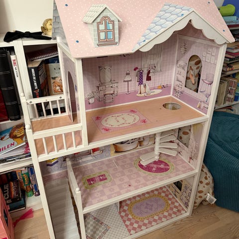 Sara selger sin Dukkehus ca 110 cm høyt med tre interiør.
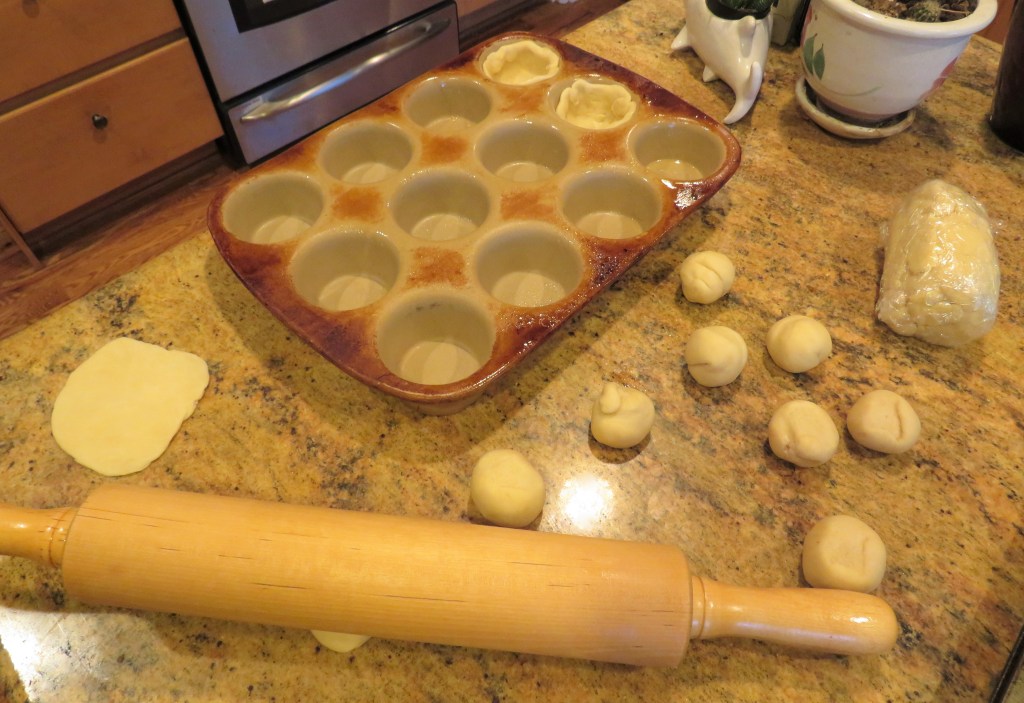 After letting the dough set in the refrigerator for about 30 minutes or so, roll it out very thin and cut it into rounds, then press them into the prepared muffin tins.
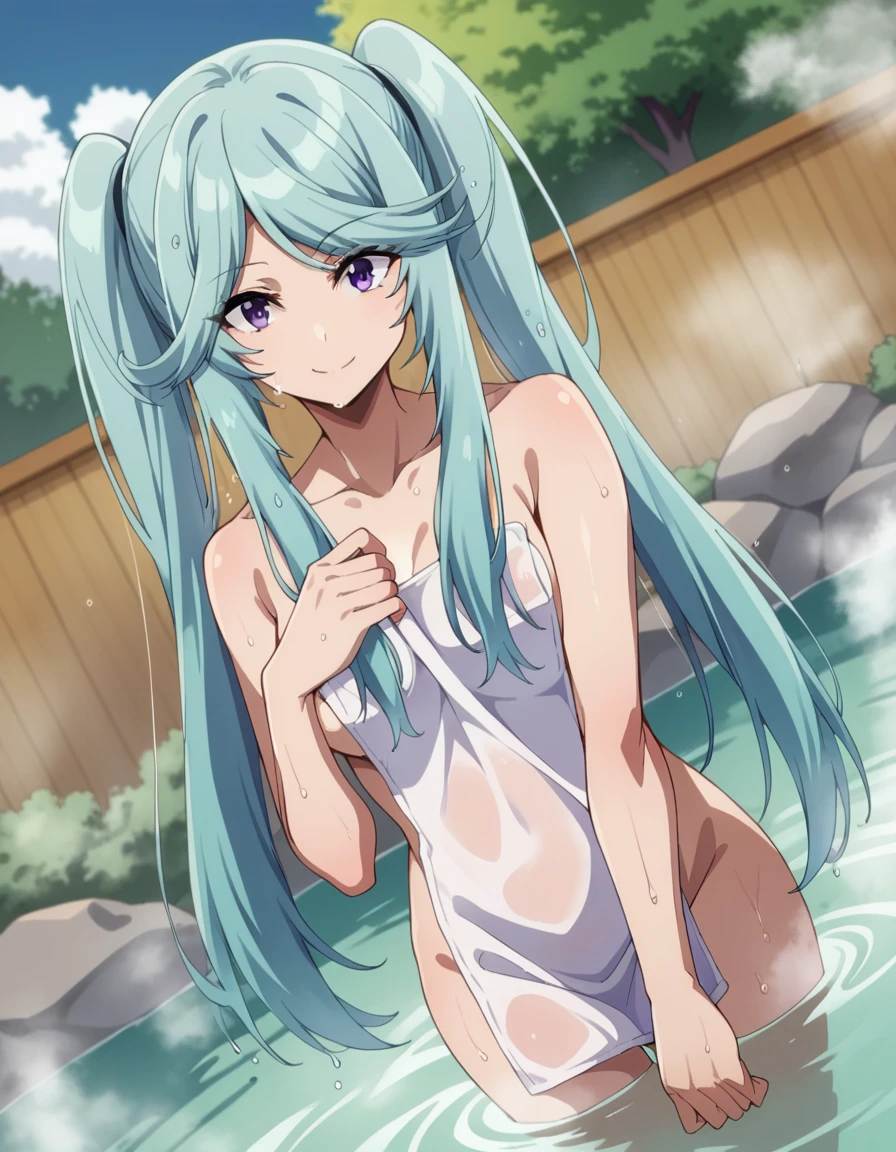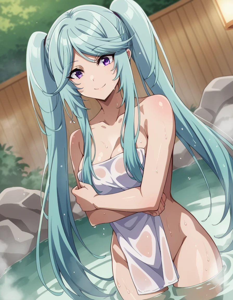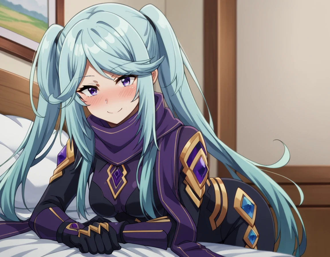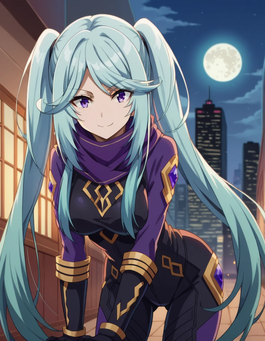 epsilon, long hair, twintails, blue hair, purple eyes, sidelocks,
§ §
Exercise goal: Beginning with the line that holds "After letting the", write out exactly the lines down to the end of the material above, and no others. Pictures are not part of the copy.

Response to the exercise:
 After letting the dough set in the refrigerator for about 30 minutes or so, roll it out very thin and cut it into rounds, then press them into the prepared muffin tins.
 epsilon, long hair, twintails, blue hair, purple eyes, sidelocks,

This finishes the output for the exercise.